ソフトバンクが小兵の活躍で3連敗を阻止した。ヒーローは約1カ月ぶり、今度3度目のスタメンに抜てきされた「9番右翼」の牧原大成内野手(23)だ。

 3回無死一、三塁からセーフティースクイズ。「チャンスで回ってきた。頭の中で出るだろうと思っていた。練習からずっとやってきた」。強めに転がした打球は投手の右をすり抜けていった。内野安打のおまけ付きで、貴重な先制打になった。さらに7回には左翼に決勝の犠飛。身長172センチの脇役の2打点で連敗を止めた。

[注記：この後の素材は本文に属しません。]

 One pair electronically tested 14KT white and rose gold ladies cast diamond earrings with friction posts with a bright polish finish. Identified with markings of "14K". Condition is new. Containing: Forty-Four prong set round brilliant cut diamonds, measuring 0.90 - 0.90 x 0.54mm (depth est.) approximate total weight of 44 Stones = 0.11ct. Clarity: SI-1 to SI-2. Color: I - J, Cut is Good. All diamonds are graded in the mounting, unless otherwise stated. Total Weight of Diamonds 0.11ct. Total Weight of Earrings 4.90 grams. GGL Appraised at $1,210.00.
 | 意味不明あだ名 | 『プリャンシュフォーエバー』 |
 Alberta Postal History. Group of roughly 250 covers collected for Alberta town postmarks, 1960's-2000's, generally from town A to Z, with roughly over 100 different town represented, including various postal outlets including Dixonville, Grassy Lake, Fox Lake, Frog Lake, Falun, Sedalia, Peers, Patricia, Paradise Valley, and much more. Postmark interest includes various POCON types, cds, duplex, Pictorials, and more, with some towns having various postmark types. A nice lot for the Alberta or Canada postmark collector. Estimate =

 抜てきに応えたのは決して偶然じゃない。工藤監督は言った。「セーフティーやプッシュバントができる選手。今年に入って、ゴロやライナーを打つ練習をやり続けている」。2軍にいても、指揮官の方針はしっかりと浸透している。そこに強さの秘密がある。

 牧原にとっては、苦難の先の活躍だった。福岡県久留米市出身で、3年間を熊本・城北高で過ごした。第2の故郷が大地震に襲われた。「高校も休校になったし、友達の家もグチャグチャになった。3年間、お世話になった場所。少しでも勇気づけられたら…」。さらに1軍同行の4月27日にウイルス性胃腸炎にかかり、出場選手登録を抹消。完治まで5日間を要し、体重は2キロ減った。「ダメなことだけど、いい経験になったと思う」。そこに再びチャンスが巡った。

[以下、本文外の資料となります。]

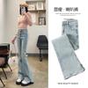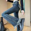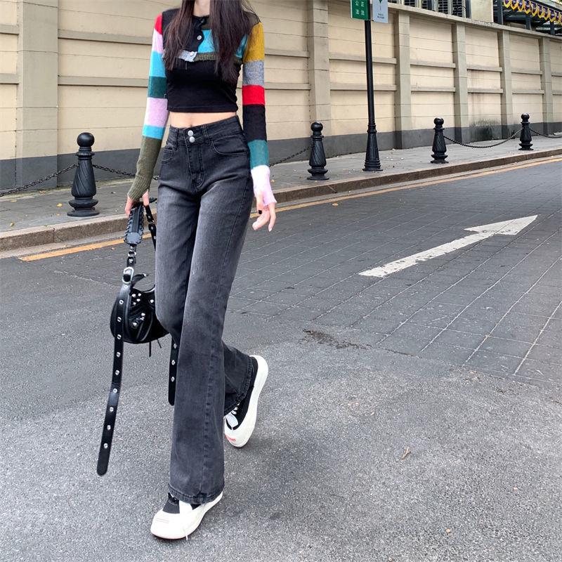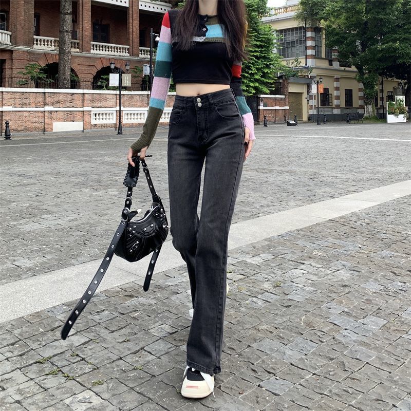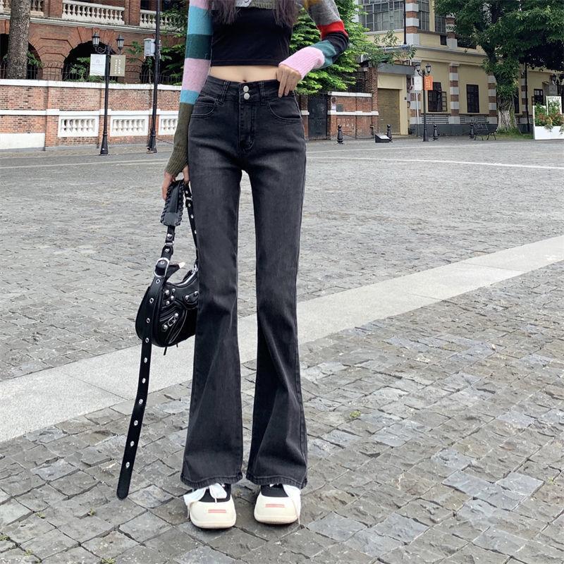 Pantalones vaqueros elásticos Micro-Lar negros y grises para mujer, cintura alta, verano 2023, finos, ajustados, acampanados.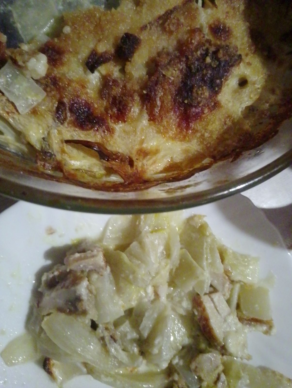 Endives coupées en petits bouts, bouts de poulet-lardon (ou tofu fumé), sel, un fond de crème avec du lait (végétal ou pas), parmesan, panure, huile en filet dessus.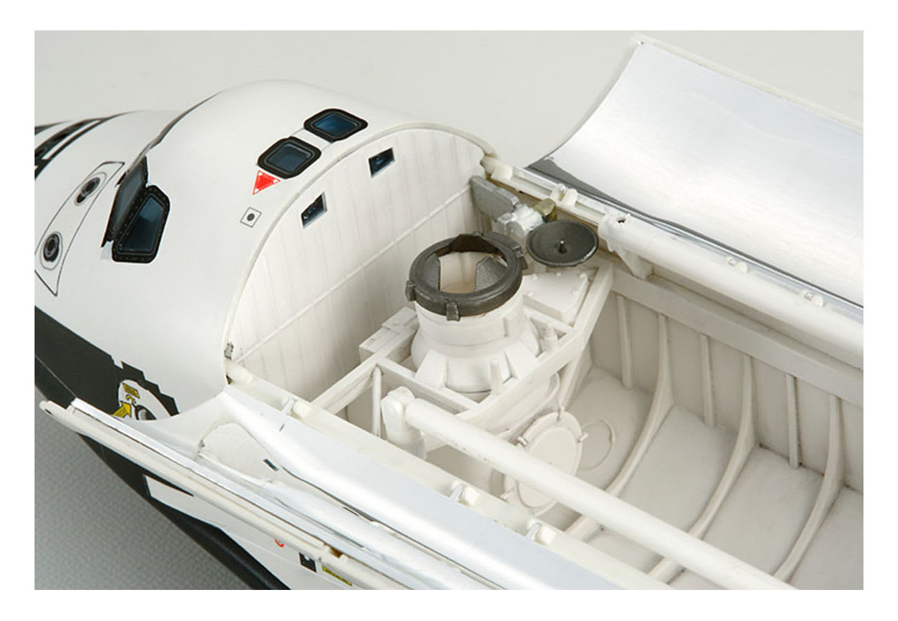 The payload cargo bay can be loaded with the detachable MPLM and features doors that can be opened

 工藤監督は「みんな、連敗は意識の中にあった。止められて、ホッとしたのはあると思う」。ベンチと選手が一体になっての勝利。チームは11カード連続で負け越しがない。【田口真一郎】

 ◆牧原大成(まきはら・たいせい)1992年(平4)10月15日、福岡県生まれ。城北(熊本)から10年育成ドラフト5位で入団。2年目の12年6月に支配下登録。昨季まで通算65試合出場で63打数8安打4打点。内野手登録ながら出場は外野のみ。右投げ左打ち。172センチ、68キロ。推定年俸1300万円。